Part of the history of “The Last Journey”. Complete.
Warnings: Death, evil, darkness, violence, etc.
Legolas had never waited for the nightfall as eagerly. He had told his father he was tired and would not join for the supper, eating in his room instead. He had also avoided Rafél the rest of the day, even if the other had been looking for him. He felt bad for Rafél, but he refused to let his pity take better of him. He needed the answers his guardian couldn’t give to him. And he knew exactly where he would find them.
As the sun set behind the western mountains, the moon taking its place to light the night, Legolas slipped out of his room, making his way through the corridors. He drew the hood of his simple cloak cover his face, covering himself from the Elves who came across him. There was a small celebration in one of the biggest halls tonight, and Elves were on the move. Slipping into a smaller corridor, Legolas sought out a smaller door, rushing into the cool night air.
Kneeling down, Legolas listened the soft words of the guards, sitting on a rock some distance away from the door. Tilting his head, Legolas saw the pair, cursing his bad luck. If he would leave like this, those two would inform his father and Rafél, sooner or later. Glancing around to form a plan, Legolas seized a small rock, and with a careful aim, he threw it to the bushes some dozen yards away.

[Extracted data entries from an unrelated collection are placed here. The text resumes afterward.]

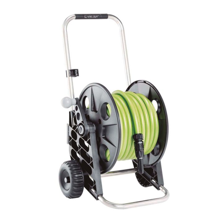 Este carro portamanguera es estable y fácil de mover. Es ideal para espacios estrechos y listo para su uso. El mango es telescópico fácil de cerrar gracias a las dos palancas laterales. Su estructura es de aluminio y las ruedas carenadas perfectas para una movilidad perfecta en cualquier terreno. Incluye 20 metros de manguera Aquaviva de ø 1/2″ (12,5 mm), 4 conectores automáticos (uno con aquastop), lanza rociadora, conexión de grifo y horquilla portagoma.
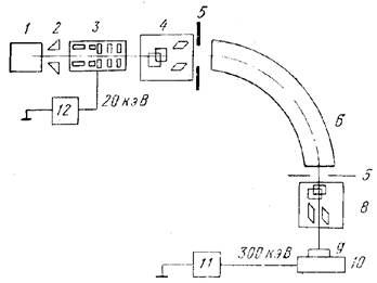 | Рис. 8.1. Рис. 1. Схема установки ионного легирования: 1–ионный источник; 2 – вытягивающий электрод; 3 – фокусирующая система с ускорителем; 4 – система коррекции электронного пучка; 5 – диафрагмы для пропускания сфокусированного пучка; 6 – электромагнитный сепаратор; 8 – система электромагнитного сканирования пучка ионов; 9 – облучаемый образец; 10 – держатель;11 – высоковольтный ускоритель; 12 – предварительный ускоритель |
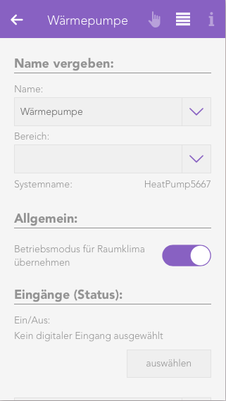 Die Verwendung der digitalen Eingänge ist für den Betrieb der Wärmepumpen-App nicht zwingend erforderlich. Solltest Du nicht alle oder keine der digitalen Eingänge konfiguriert haben, werden für die angezeigten Werte (Modus, Status) die aktuellen Zustände der digitalen Ausgänge verwendet.
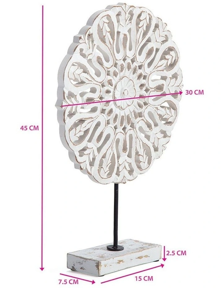 Mandala Flower Tabletop Plaque Decor in White
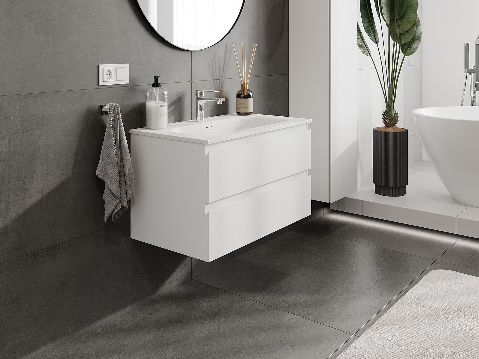 Corpul dulapului este livrat complet asamblat, ceea ce înseamnă confort maxim și economie de timp. Nu trebuie să pierzi ore întregi asamblând mobilierul – este suficient să îl montezi în locul ales din baie. Aceasta este soluția ideală pentru persoanele care prețuiesc montajul rapid și efectul imediat.
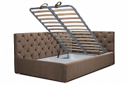 Угловая кровать будет актуальна как для детей, так и для взрослых. Мягкое изголовье создает дополнительный уют в интерьере. Качественная стяжка с декоративными пуговицами добавляет объемности модели. Изделие оснащено подъемным ортопедическим основанием. Возможно выполнение на правый или левый угол по вашему желанию. Задняя спинка обшита технической тканью.
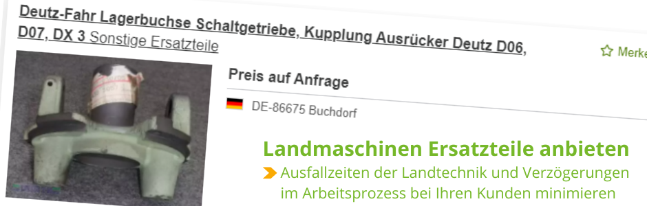 Als Händler können Sie jetzt Ihre Ersatzteile auf der technikboerse einstellen. Damit keine Arbeit bei Ihren Kunden liegen bleibt bzw. ausfällt, weil die passenden Ersatzteile fehlen, sollten Sie Ihre Landmaschinen-Ersatzteile Ihren Kunden zur Verfügung stellen. Besonders durch den Einsatz älterer Geräte ist die Nachfrage nach deren Ersatzteilen ein Dauerbrenner und der Ersatzteilmarkt immens wichtig.

The guards shot up, running to check the noise immediately. Legolas dashed into the opposite direction, moving as quickly as possible. Behind him the guards returned to their post, ignoring the entire thing as an animal of some sort passing them by.
Legolas dove into the forest, taking a quick path away from the caverns. He thought to head out to the same place where he had met the stranger on the night before, and with his mind set, he climbed to the trees, beginning his short journey.

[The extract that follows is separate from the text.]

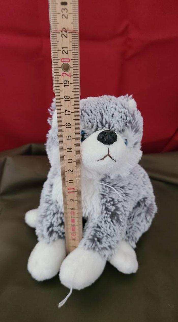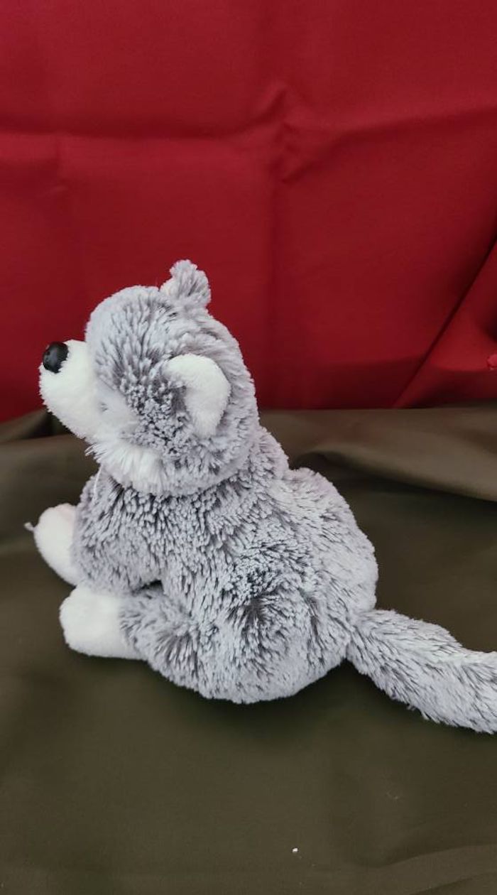 Peluche doudou husky loup gris chiné blanc DANI yeux bleus - photo numéro 6
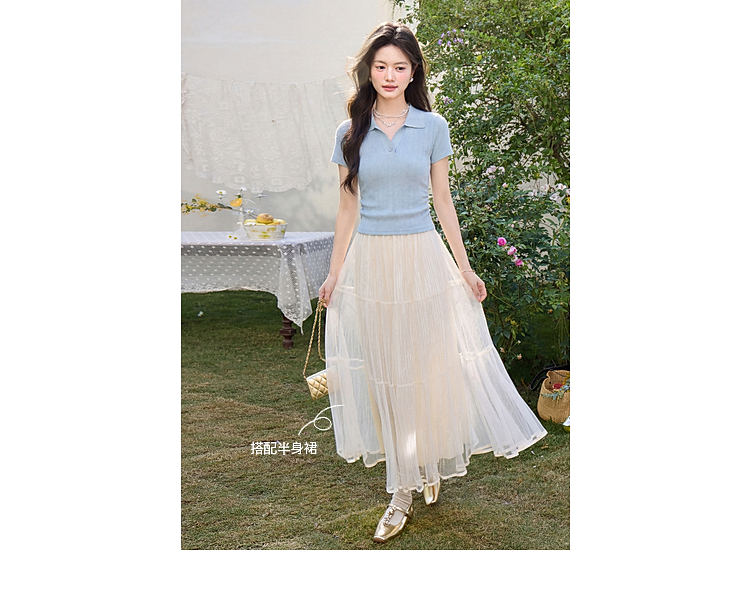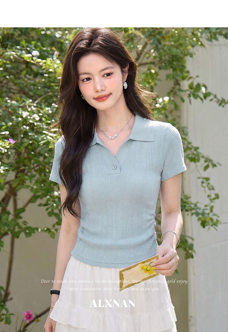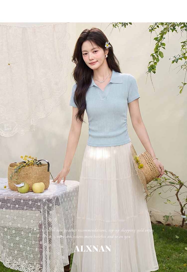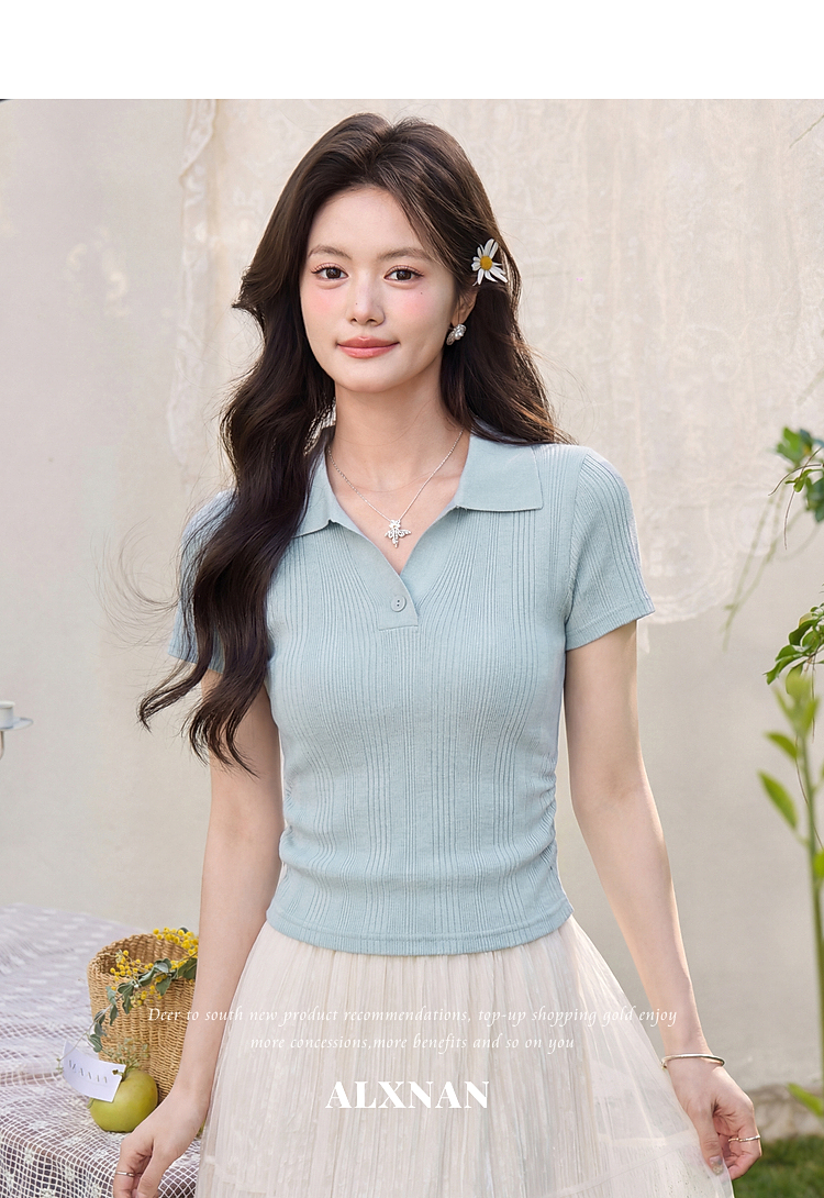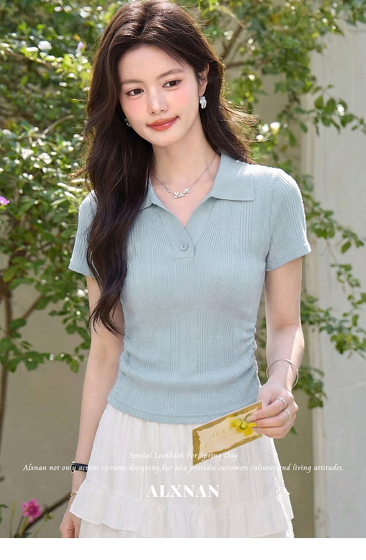 鹿向南「静夏时光」浅蓝色针织衫女夏季新款气质舒适修身短袖上衣

When Legolas reached his destination, there was no-one there. He sat on a branch for a moment, weighing his options. He could wait here, or search blindly, hoping to find some kind of clue of the other’s presence. He could also try to track the other down, but somehow he knew that would lead him nowhere. Wind swayed his pale hair, making the leaves dance around him. Its soft whisper brought him no news, and he sighed, leaning his chin to his hands.

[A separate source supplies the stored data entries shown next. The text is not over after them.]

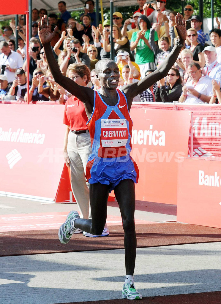 【10月13日 AFP】陸上、シカゴ・マラソン2008(Bank of America Chicago Marathon)。男子はケニアのエバンス・チェルイヨット(Evans Cheruiyot)が2時間6分25秒を記録し優勝を果たした。2位には2時間7分37秒を記録したデビッド・マンダゴ(David Mandago)が入り、3位には2時間11分39秒を記録したティモシー・チェリガト(Timothy Cherigat)が入り、ケニア勢が表彰台を独占した。(c)AFP
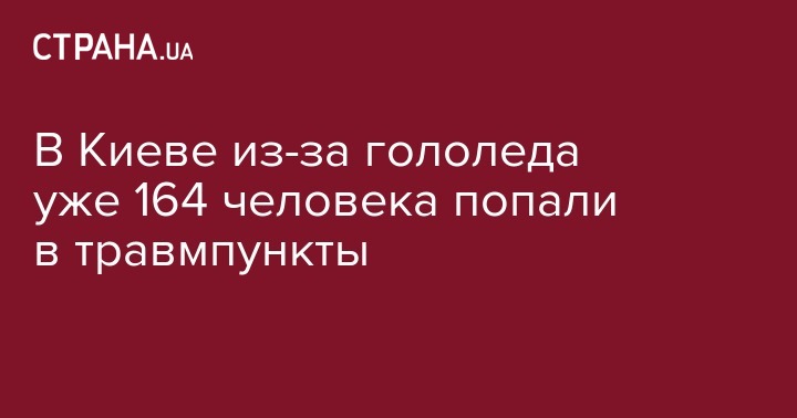 В Киеве из-за скользких дорог уже 164 человека попали в травмпункты, у 39 из них травмы оказались серьезными и они были госпитализированы. Об этом сообщил начальник управления по чрезвычайным ситуациям КГГА Роман Ткачук, передает канал "112 Украина".
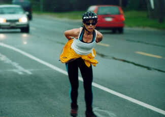 | Sabine leads the pack while Pascal has no trouble keeping up in his fours | Team PowerBar is all smiles despite the drizzle | |||||
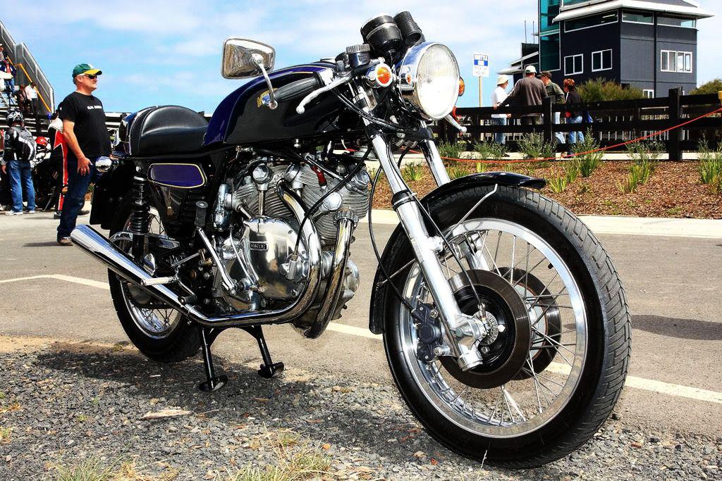 The blend of the Vincent v-twin engine with a Ducati “bevel” frame.
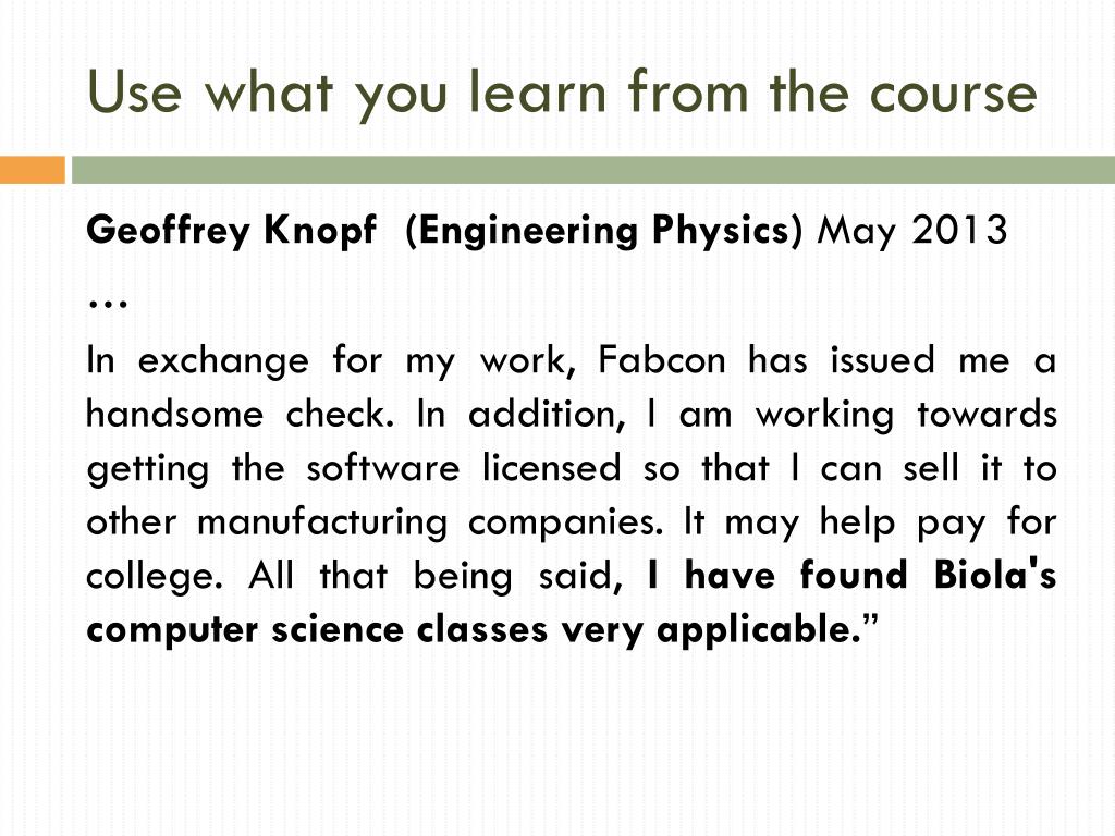 Use what you learn from the course Geoffrey Knopf (Engineering Physics) May 2013 … In exchange for my work, Fabcon has issued me a handsome check. In addition, I am working towards getting the software licensed so that I can sell it to other manufacturing companies. It may help pay for college. All that being said, I have found Biola's computer science classes very applicable.”
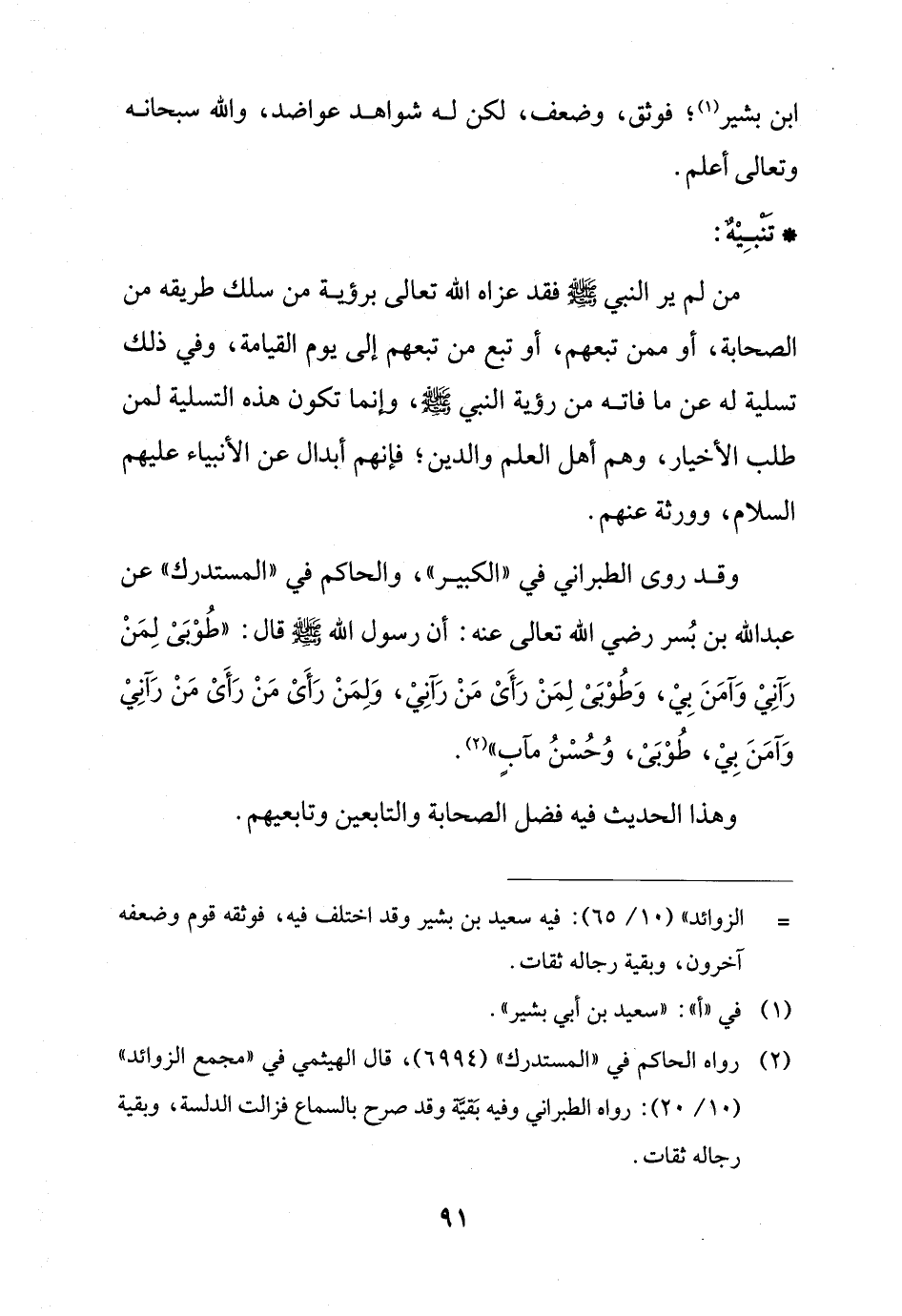 وقد روى الطبراني في "الكبير"، والحاكم في "المستدرك" عن عبد الله بن بُسر رضي الله تعالى عنه: أن رسول الله - صلى الله عليه وسلم - قال: "طُوْبَىْ لِمَنْ رَآنِيْ وَآَمَنَ بِيْ، وَطُوْبَىْ لِمَنْ رَأَىْ مَنْ رَآَنِيْ، وَلِمَنْ رَأَىْ مَنْ رَأَىْ مَنْ رَآنِيْ وَآمَنَ بِيْ، طُوْبَىْ، وُحُسْنُ مآبٍ" (¬2).

“What makes one green leaf be stronger than another?” a voice called from below. “There are leaves that go with the wind, and those which struggle until the winter takes them.”
Legolas looked down, finding the stranger standing below him. “Who knows,” he answered. “Maybe it is the making of the tree.”
“Or then the leaf itself,” the other smiled as Legolas dropped beside him. “You came, I see.”
“I need to know something,” Legolas said slowly. But there was no reason to hide the reason why he had come.
“Ah, we all want answers, do we? But some of us never get them.” The figure turned to walk again, indicating Legolas to follow. “You may count yourself lucky, for you will get answers. But they will not come easily to you, that I promise.”
Legolas didn’t comment, his eyes watching the other, trying to remember. He was so near to the answer, but just when he grasped it… it slipped away. He frowned unhappily, his eyes narrowing as he fought against the mist in his mind. He needed to remember. He knew it was important. Who is he?
“Such struggles hurt you, young one,” the stranger stated, looking at Legolas almost amused. “Some things are not meant to be remembered, and when our minds set barriers before our memories, there is fairly good reason for it: they protect us from something that might harm us.”
“Yet if that information is important…” Legolas mused, suddenly being afraid that the other was able to read thoughts. It seemed quite possible, when he thought about it. “You seem to know a lot of the things I do not remember,” he stated coolly, glaring at the tall figure beside him.
“I know a lot about you – things that you will never understand. And I can read a lot from you, too. It is fairly easy when you know the trick.”
“Read thoughts?” Legolas asked, his curiosity taking hold again.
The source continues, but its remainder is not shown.